> DATASET EXTRACT
Content starts

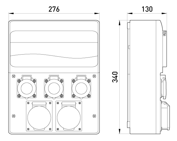 Zestaw montażowy - 1x16A (230/400V) 2,5mm2, 1x32A (230/400V) 4mm2, 3x16A 230V 1,5mm2, 13 modów. Minimalna średnica kabla zasilającego: 14 mm.
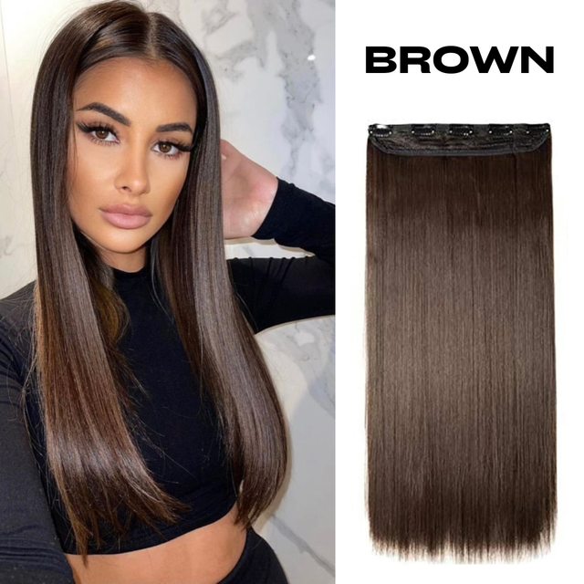 Тези екстеншъни с права текстура и наситен кафяв цвят придават гладкост и обем, като се вписват естествено към вашата коса. Перфектни за ежедневна елегантност или специални поводи.
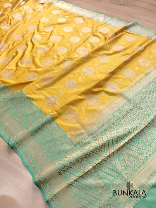 Mustard Yellow Kadwa Hand Weaved Big Round Buta Banarasi Pure Katan Silk Saree Contrast Border

Content ends

Send back the listing exactly as it stands. Do not include the pictures.

> RESULT FOR THIS EXERCISE
 Zestaw montażowy - 1x16A (230/400V) 2,5mm2, 1x32A (230/400V) 4mm2, 3x16A 230V 1,5mm2, 13 modów. Minimalna średnica kabla zasilającego: 14 mm.
 Тези екстеншъни с права текстура и наситен кафяв цвят придават гладкост и обем, като се вписват естествено към вашата коса. Перфектни за ежедневна елегантност или специални поводи.
 Mustard Yellow Kadwa Hand Weaved Big Round Buta Banarasi Pure Katan Silk Saree Contrast Border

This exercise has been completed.